Walpurg-Tragédie, d’après Stanislaw Ignacy Witkiewicz

Walpurg-Tragédie, d’après Stanislaw Ignacy Witkiewicz, mise en scène de Jessica Dalle

 151659-walpurg-tragedie_hd08_jessica-dalle-1Dramaturge, essayiste, romancier et peintre polonais, Witkiewicz, dit Witkacy (1885-1939) aura marqué le théâtre du XXème siècle par ses travaux sur la «forme pure », devançant Antonin Artaud et  ce qu’on appellera le « théâtre de l’absurde »…       

Précurseur  il aura souvent, à travers de nouvelles formes de dramaturgie et de mise en scène, traduit le mystère de l’être, et mis au jour les forces vivantes-irréductibles et désordonnées- constitutives de toute existence : «Il faut prendre la vie par morceaux, et dans chaque fragment, se dissimule l’infini. » Ni réalisme ni psychologie n’influent sur son théâtre qu’il considère  comme un spectacle composé d’éléments visuels, sonores, gestuels et conceptuels, fondateurs de la création scénique. Cet artiste provocateur écrit Le Fou et la Nonne en 1923 et La Mère en 1924, pièces que la jeune metteuse en scène, Jessica Dalle, adapte avec un même regard : celui d’un enfermement et les moyens d’en sortir.«Ce qui nous attend, c’est l’épouvantable ennui d’une vie mécanisée sans âme … Les gens de l’avenir ne ressentiront pas le mystère de l’existence, ils n’auront pas le temps … Pourquoi donc vivront-ils ? Ils travailleront pour manger et mangeront pour travailler», écrit  l’écrivain, dans une lettre à son père.

Les deux pièces mettent en jeu les cellules familiale, sociale et intérieure, lieux de perdition existentielle et insaisissable.

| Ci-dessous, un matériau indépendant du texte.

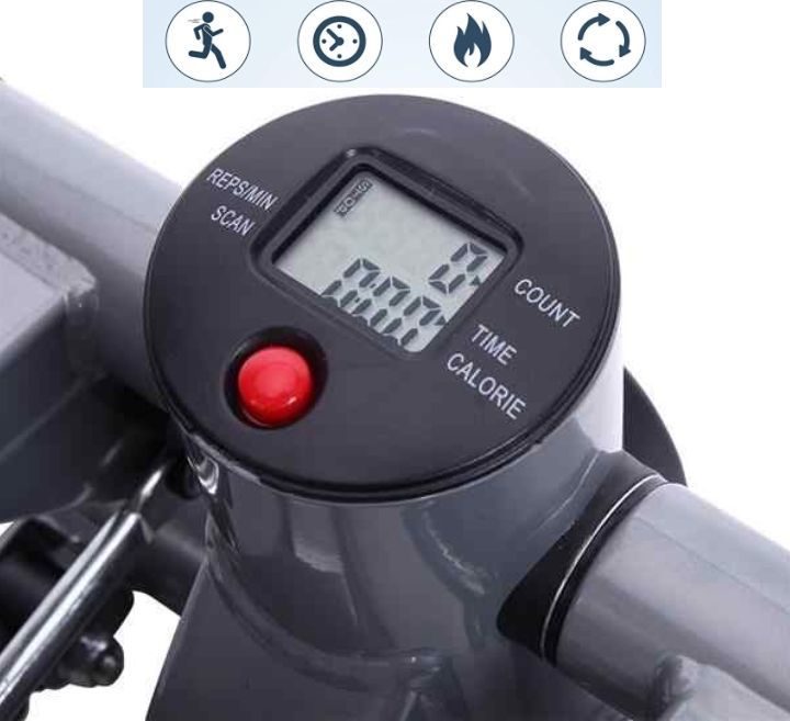Stepper 810 fra Stepper er en kompakt, skråstilt stepmaskin utviklet for effektiv hjemmetrening av hele kroppen. Denne mini-stepperen har en vridende bevegelse som minner om å gå på skøyter eller rulleskøyter, og gir et mer intensivt stepper-treningsoppsett enn en tradisjonell, rett stepmaskin. Designet er stabilt og robust med brede, komfortable pedaler med sklisikker overflate, og den medfølgende antisklimatten beskytter gulvet i stue, soverom eller hjemmegym. Med elastiske treningsstrikker kan du trene både bein, rumpe og overkropp på samme tid, mens det innebygde displayet hjelper deg å holde oversikt over tid, steg og kaloriforbrenning, slik at du får en praktisk stepmaskin med display for kaloritelling til daglig bruk hjemme.

Dans Le Fou et la nonne, la cellule intérieure est une prison sous morphine dans un espace onirique – rêve et imaginaire- où Walpurg, le fou, un double du poète, essaye en vain de mettre en ordre un monde fantasmé,  refuge illusoire. Jean-Baptiste Tur ,dans le rôle du déraisonnable, a des airs de jeunesse romantique d’aujourd’hui, comme l’acteur Vincent Macaigne, dansant et tournant sur lui-même, recroquevillé sur un petit plateau de théâtre dans le théâtre, serré dans  une camisole de force, et narrant la fragilité des espérances, comme la pesanteur des désenchantements.

Il avance sur le proscénium et nous interpelle, en voulant instaurer un dialogue impossible. Sûr de ses convictions et d’une vision du monde brinquebalée  où se bousculent les images de la mort et de la vie, il fait preuve d’une éloquence à tout crin, à travers des discours obscurs et largement diffractés.
Le héros tente, tant bien que mal, de suivre son chemin, entre le désir premier d’écrire et la présence poétique à ses côtés de Sœur Anne l’aimée, la facétieuse Edith Proust au voile blanc de nonne qui vient dans la salle, et qui nous souffle  un peu provocante, le mot «morphine» en souriant. Patiente avec son amant malade, elle refuse aussi ce qu’il exige.

Dans La Mère, Bernadette Le Saché, persuasive, reste le plus souvent juchée sur un piédestal dans le lointain, d’où elle domine les scènes successives, invectivant ce fils qui n’en fait qu’à sa tête. Soutenue par la création musicale-singulière et efficace de Thomas Dalle-un univers sonore à part entière-la scénographie de Jessica Dalle est magnifique, faisant la part belle à l’ombre et à l’obscurité que les lumières de Jean-Marc François révèlent; çà  et là, des planches de bois verni, posées verticalement  qui rappellent celles d’un cercueil, retiennent des volumes de terre noire friable.
Et des fleurs en pagaïe, amas de pétales et tiges vertes et rouges glissent des planches de bois verni sur le sol, évoquant une sorte de jungle tropicale vive et généreuse, ressources ultimes du vivant.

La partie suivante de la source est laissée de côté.